Sunday, October 7, 2012

Not Speaking the Language

The article called "How do I support a student's first language when I don't speak the language?" answers a lot of my questions on a diverse non-dual language classroom which I have been concentrating on in my bilingual education courses.  One thing that I really liked was the teachers involvement with the parents in order to educate them on how important it is to actually teach their kids how to read and write in their native language or language that is spoken at home.  This is often a misconception that immigrant families have when they want their children to have English speaking skills.  The article also talks about the political activity that has happened with Proposition 227 which promoted English only education, and required waivers for non-English speakers.  This makes these challenges for teachers with very diverse classrooms very hard.  I am not sure if the Spanish speakers would be better in a dual language classroom, or if they would get more out of learning with speakers of different languages. 

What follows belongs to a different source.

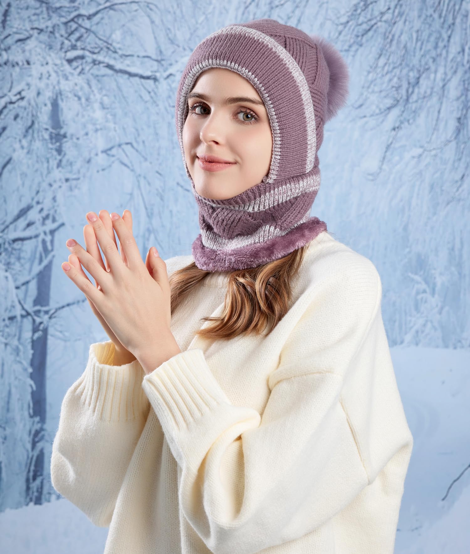 HUAMULAN Women Winter Beanie Hats One Piece Fleece Lined Knit Balaclavas Mask Set Skull Neck Circle Scarf Ski Snow Hat Pompom
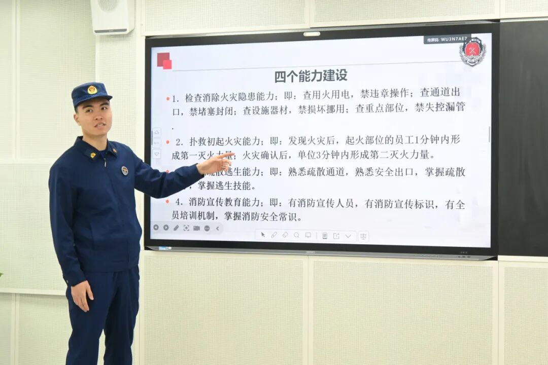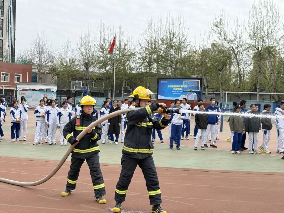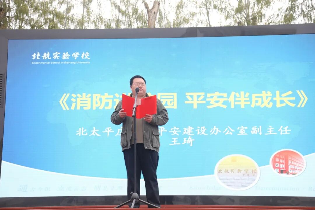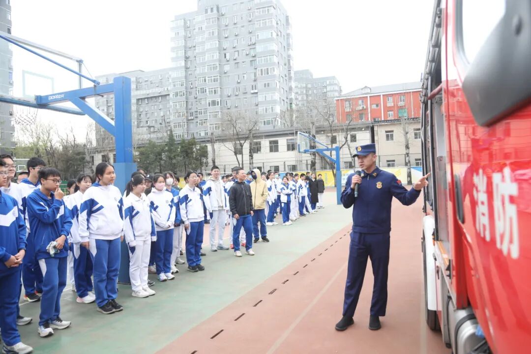伴随着警报响起,“浓烟”升起,南校区的消防疏散演练正式开启,各楼层、各点位负责老师迅速到达指定岗位,指导学生有序疏散。全体学生在老师的引导下,弯腰低姿、捂住口鼻,按照预定路线快速有序地撤离至操场安全区域进行集结。升旗仪式上,北太平庄街道平安建设办公室副主任王琦老师用鲜活的案例、实用的知识,为同学们细致讲解了火灾防范与火场逃生的核心要点,让大家深刻认识到“安全无小事,防患于未然”的重要意义。

The teacher must learn much more about each culture so that the students can be properly represented in the classroom.  However, it forces speakers to speak in the target language which would be English in this case.  The negotiation of meaning must happen in the target language, with some aid from the volunteers.  I like Kuma's example, episode 5.3, where the teacher carefully selects the questions so that the students collectively come up with a definition.  I try to do this in my ELI courses, asking what a definition is usually results in some students knowing, and some not knowing.  Instead of me giving the answer, the students should be forced to try to figure out the meaning without me so that vocabulary term is memorable.  I try to have my students provide multiple definitions and examples so that one of the examples is comprehensible input.  This is a skill that I do not think comes naturally to teachers of mainstream classrooms.